アメリアに来たかったのは、もちろんマイを探す為でもあるが、ザンスカール帝国とは、どんな国なのかも知りたかった。
アーシィと行動を共に出来るなら、疑われる心配なく色々見れると思ったからだ。
「見ての通り、彼らは私の友人だ。滞在用のパスを準備して貰いたい。後、彼の幼なじみの件、それとなく調べておいてくれ」
アーシィの言葉に、一緒に話を聞いていた護衛の兵は敬礼して足早に動き出す。
会話の内容やニコルの幼さに、護衛は危険が無いと判断したのだろう。
「ニコル、あんた無謀すぎるわよ!!まさかアメリアに来るなんて………」
護衛の兵がいなくなるなり、アーシィはニコルに詰め寄る。
「サナリィのリガ・ミリティア基地近くまで、ゲルダさんに会いに来るアーシィさんも、随分と無謀だと思ったぜ!!けど、アーシィさんだってて、オレを敵だけど敵じゃないって思ってくれたんだろ??だから、あの時、ザンスカールのパイロットって名乗ってくれたって信じてんだけど」
ニコルの言葉に、アーシィから険しい表情が消えた。
「まぁ………そうね。ん??幼なじみって、あの時にいた女の子??確かマイさんって言ったっけ??彼女じゃないの??」
アーシィは、始めてニコルに会った日を思い出す。
「おいおい!!なんで彼女とかって話になるんだよ!!本当に幼なじみだよ!!マイには好きな人いるし………」
喋るニコルの視線に、睨むケイトの姿が映る。
敵国の真っ只中で、超有名人の…………ザンスカール帝国からしたら、敵国のエースパイロットのレジア・アグナールの名前なんて出したら、速効で捕まるぞ…………そんな事を訴えている目だ…………

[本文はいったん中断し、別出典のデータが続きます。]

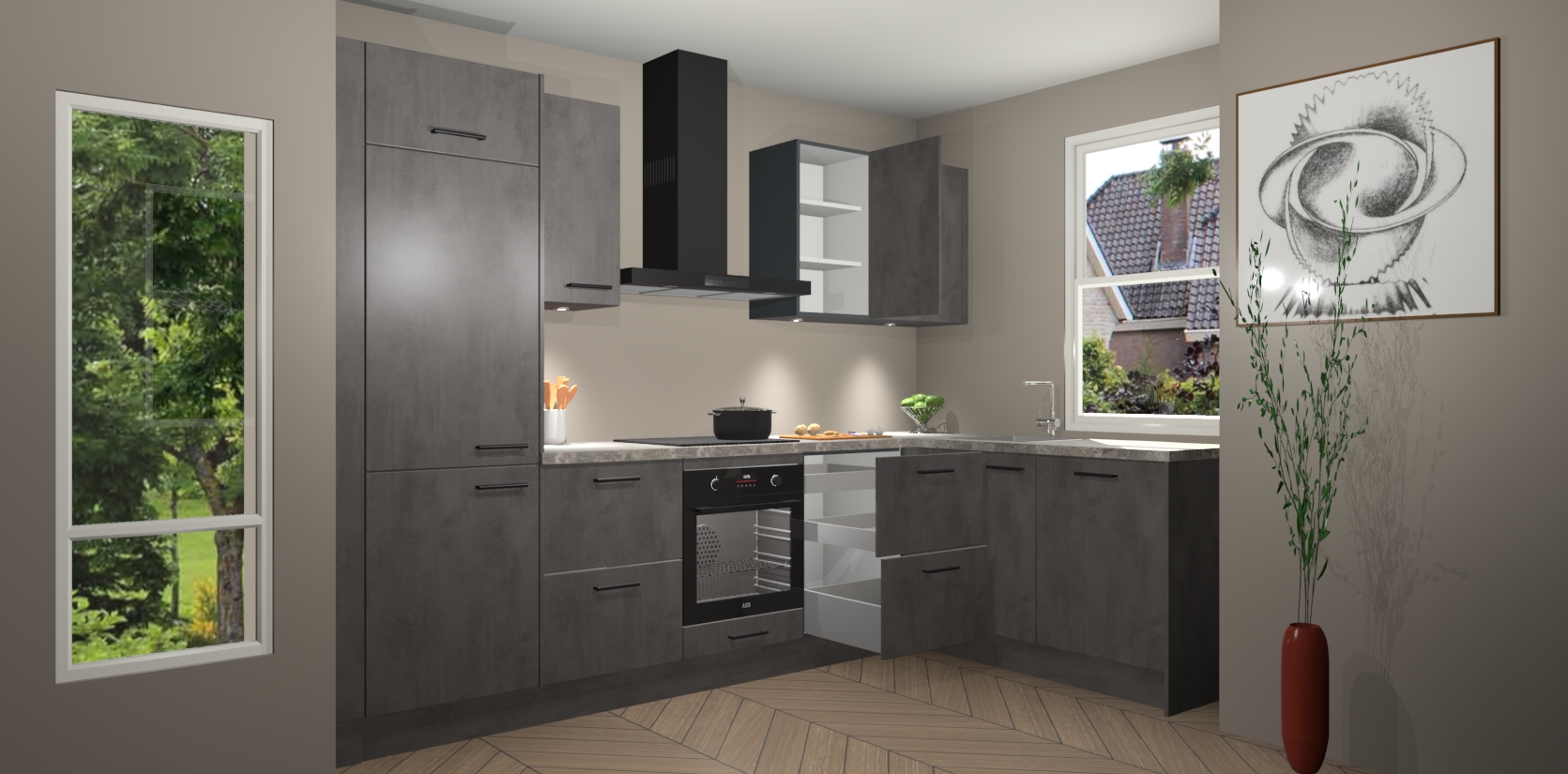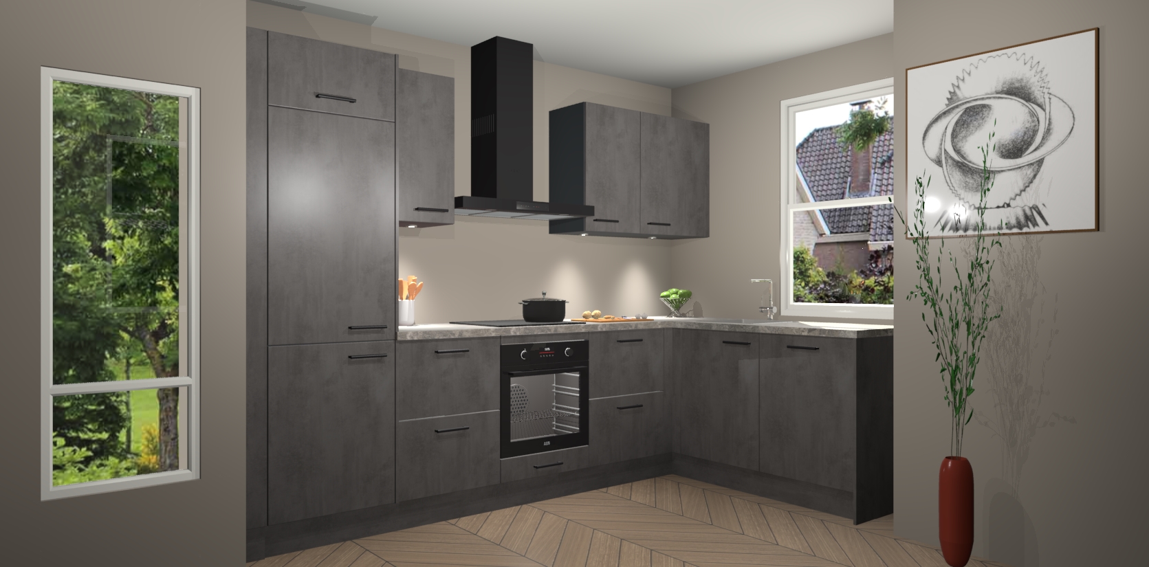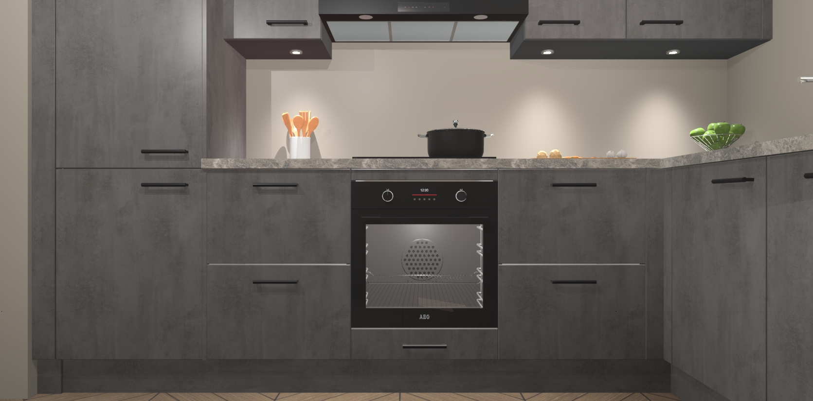 De Beton Antraciet keuken Geneve is uitgerust met 5 inbouwapparaten - een oven, inductiekookplaat, afzuigkap, vaatwasser en koelkast - voor al uw kook- en bewaarbehoeftes. U kunt deze apparaten desgewenst eenvoudig upgraden naar AEG of de oven omruilen voor een combimagnetron na het plaatsen van uw bestelling. En met de soft close deuren, voldoende opbergruimte en kasten die voorgemonteerd worden geleverd, bent u in een mum van tijd klaar om heerlijke maaltijden te bereiden!

「いや、だから、オレの友人の彼女なんだよねー。その友人からも、必ず見つけて来てって言われてるんだ!!」
「そう…………やっぱり、あの娘がいなくなったのね…………なんとか見つけてあげたいけど…………」
タシロ艦隊に見つかってたら、厄介だな…………
言葉にはしなかったが、アーシィは心の中で自分の隊が見つけている事を強く願っていた。